Imagine Dragons’ Sophomore LP Features Confusing Musical Array
Showtime should come out with some intense new TV shows solely because the American rock band Imagine Dragons’ freshly released Sophomore LP would make an appropriate soundtrack for any melodramatic drama. Aside from making for some decent background music, however, Smoke + Mirrors’ decidedly mainstream vibe fails to rekindle much of the Radioactive spark Imagine Dragons once ignited.

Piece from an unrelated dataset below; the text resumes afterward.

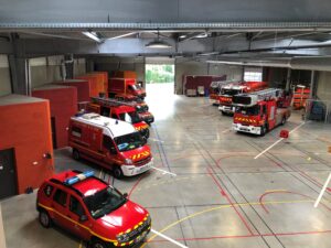Sa toiture largement dimensionnée offre un potentiel de valorisation solaire et participe à la performance environnementale de l’ensemble. La remise est également pensée comme un espace polyvalent : ses dimensions permettent un usage ponctuel en mode gymnase, sans altérer l’astreinte opérationnelle ni déplacer les véhicules stratégiques.

Smoke + Mirrors, released on February 17th, runs for 50 minutes – 10 minutes less than their 2012 debut album Night Visions which included breakout songs like “It’s Time,” “Radioactive” and “Demons.” Now, three years later it appears Imagine Dragons, which formed in 2008, is perhaps running out of inspiration. Their new track list does include some of the band’s more recent hits including I Bet My Life and Gold, which, despite popularity, sound like subpar redoes of true Imagine Dragons gold of yesteryear. It seems the band thinks adding more angst means adding strength; unfortunately this is not that case for Smoke +Mirrors, especially when this strength is only added to a portion of the album.

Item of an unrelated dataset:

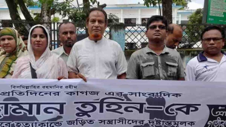 গাজীপুরে সাংবাদিক আসাদুজ্জামান তুহিন হত্যার প্রতিবাদে এবং হত্যাকারীদের দ্রুত গ্রেপ্তার ও দৃষ্টান্তমূলক শাস্তির দাবিতে চাঁপাইনবাবগঞ্জে মানববন্ধন অনুষ্ঠিত হয়েছে। রোববার (১০ আগস্ট) বেলা ১১টায় জেলা প্রশাসকের কার্যালয়ের সামনে চাঁপাইনবাবগঞ্জ সাংবাদিক সমাজের উদ্যোগে এ মানববন্ধন কর্মসূচি পালন করা হয়। মানববন্ধনে অংশ নেওয়া সাংবাদিক নেতারা বলেন, তুহিনের হত্যাকাণ্ড শুধু একজন সাংবাদিককে নয়, গণমাধ্যমের স্বাধীনতাকে আঘাত করেছে। এ হত্যাকাণ্ডের পেছনে থাকা সকল ব্যক্তিকে দ্রুত আইনের আওতায় এনে দৃষ্টান্তমূলক শাস্তি নিশ্চিত করতে হবে। নইলে সারাদেশের সাংবাদিকরা কঠোর আন্দোলনে যেতে বাধ্য হবে।

With a nearly identical sound to the band’s original top songs, Smoke + Mirrors is plagued with a half-hearted intensity that falls below the level of metal, yet includes too much scream-like singing and electronic elements to be considered pure rock. Repetitive lyrics riddle nearly each song and bank on the title word to create ordinary and literal meaning.

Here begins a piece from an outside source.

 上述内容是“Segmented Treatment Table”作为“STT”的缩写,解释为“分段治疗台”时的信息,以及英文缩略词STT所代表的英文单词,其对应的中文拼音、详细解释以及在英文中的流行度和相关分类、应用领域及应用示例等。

The ferocious guitar strumming and sporadic shouting in “I’m So Sorry” resembles a sub-par remake of Billy Squier’s “The Stroke,” while “Dream,” could pass as a OneRepublic song albeit without much of OneRepublic’s catchy instrumental dynamics and thoughtfully constructed lyrics. Later in a more mellow tune, lead singer Dan Reynolds repeatedly moans, “We all are living in a dream/But life ain’t what it seems/Oh everything’s a mess” throughout each chorus. The soft instrumentals leading into the lyrics are soothingly mellow but are ultimately dulled by repetitive vocals. Ultimately the single line reaches a breaking point where the lack of tonal variation melds into an unbearably annoying stream of noise.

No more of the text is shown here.